Phil gave him one and lighted it for him. The sheriff took a couple of deep pulls. The gears screeched as he jolted the car into motion.

They drove past the main tipple of the Number Three. There was not much activity. A few miners stood about, sullen, dejected. The few now willing to go to work, could not. The entire diggings had to be gone over and recertified. Fields drew the car up suddenly and got out. Lempke came to meet him. The men watched them glumly without even an answer to the sheriff’s greeting.

Fields spoke a moment with Lempke, and returned to the car. “That section was dynamited.”

“Was it planned for when we were down there?”

“I don’t think so. It must of been set off with a fuse. If we was expected to get it, they’d have waited. It was just meant to do what it did—destroy anything down there that might of involved someone.”

“Why wait that long if it wasn’t meant for us?”

“Because it wasn’t ready till yesterday afternoon, and then they didn’t want to be seen leaving. And there was just one person to see them before we got there.”

“Rebecca Glasgow.”

“That’s right. We saw her in the back yard when we drove by, going out there. In other words, if we’d of been five or ten minutes later getting there, we’d of seen who it was. After setting the fuse, they wouldn’t dare stay in there.”

He swung the car around and drove past the Number Two Colliery. The men were down there, but at the tipple several of the miners from Number Three were standing about. Billy Riordon was there, looking hung over, just about sick enough to talk about it.

“Drop me off here, Sheriff,” Phil said. “There’s one of those fellows I think I can make friends with.”

“Go to it, lad. We can sure use a few of them right now.”

Fields drove on, and Phil crossed to where Riordon was examining his shoe tops. “You look like you were poisoned last night.”

“I feel like it. My stomach’s like the inside of a churn.”

“Was the stuff bootleg?”

“I’ve never the sense to question anything as long as it comes out of a bottle.”

“You might know what Whelan gave you before.”

“He’s give me nothing but a belly-ache.”

“Did you notice he wasn’t drinking it himself?”

Riordon rubbed the two days’ stubble on his chin. “He was drunk though,” he said with some doubt.

“He was not drunk. He was deliberately feeding the stuff to you.”

“The hell you say.”

“I’m telling you the truth.”

“Spooning us poison with one hand, and muddying our minds with the other. The dirty little wart.”

“Did you ever see him sell any of that liquor?”

“No I didn’t, and that’s the truth. It’s just that he shows up with a quantity whenever there’s trouble.”

“Come down to the restaurant with me and have some black coffee,” Phil said.

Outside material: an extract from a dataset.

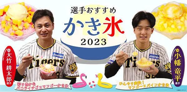 阪神甲子園球場で新たに“選手おすすめメニュー”を発売! 暑い季節にすっきり爽快なデザートといえばアレ(A.R.E.)! ~小幡選手・大竹選手のオリジナルかき氷が新登場~
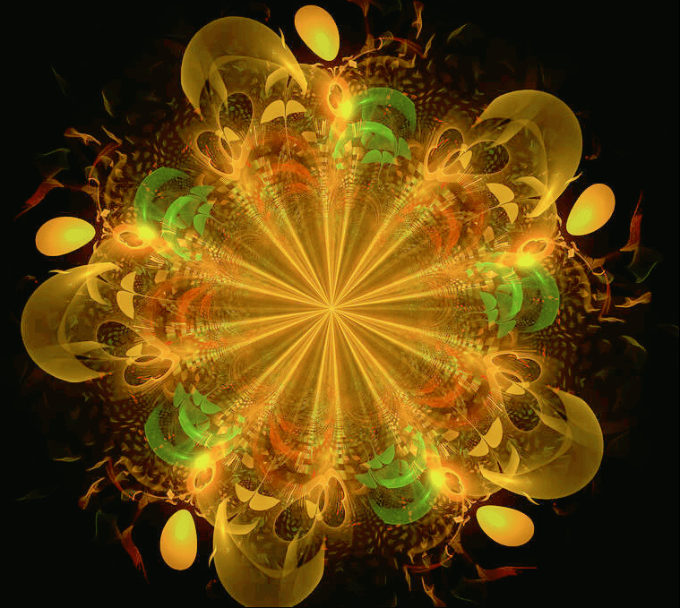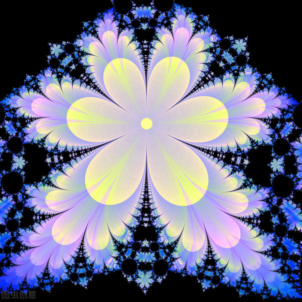 在黑色背景上装饰分形抽象黄色花

Riordon sidled away from him. “Thank you, but I’d as leave not be seen with you.”

“Look,” Phil said. “I’m not trying to pump you. A friend of mine was killed. All I want to know is how it happened. I’ve nothing to gain with your going back to work or staying away from it. But somebody here in Winston is trying to make dupes of all of us. Do you think Fields is working against you?”

“The law’s always been a little partial to the operators down here. We’ve a notion they want to close Number Three entirely.”

“Fields had the same notion. He was in the mines himself, man.”

“Aye, that’s the truth. And I’ve never heard a word said against him by the boys till this.”

“Then pull with him and not against him. Give him a chance.”

“Och, my head’s killing me. Don’t be crowding it with any more confusions.”

“Come down, then, and have coffee with me.”

“Maybe I will. My old lady makes tea you could walk on, but a spoon of sugar would color her coffee.”

They walked into the town together, and here and there along the way their companionship was rewarded with a civil word from the townspeople. Riordon entered the restaurant hesitantly, and rubbed his hands off on his coat before sliding into the booth. He grinned foolishly. “You know, the last time I was in here, the old lady was complaining I never took her no place, and her boiling beef and potatoes from one day to the next. So we got dressed up of a night and come down here. And do you know the only thing they had on the bill o’ fare we could eat?”

“Boiled beef and potatoes,” Phil said.

“Aye, and bull’s beef at that.”

Randy Nichols came in before they were through breakfast. Riordon had recovered his appetite with the smell of ham and eggs. “You better get up to the mortuary, McGovern,” Nichols said. “The sheriff’s looking for you.”

Phil slid out of the booth and paid the check at the counter.

“If you’ll come round for supper one of these nights,” Riordon said, “I’ll be pleased to return your hospitality.”

Chapter 33

F
IELDS WAS ROCKING BACK
and forth in the swivel chair when Phil arrived. He swung around at the sound of his footsteps. “I got a communication here I think’ll interest you. It’s from the Adjutant General’s office, Washington, D. C. The army serial number Glasgow has on his application with the railway company’s a phony. They have no record of him.”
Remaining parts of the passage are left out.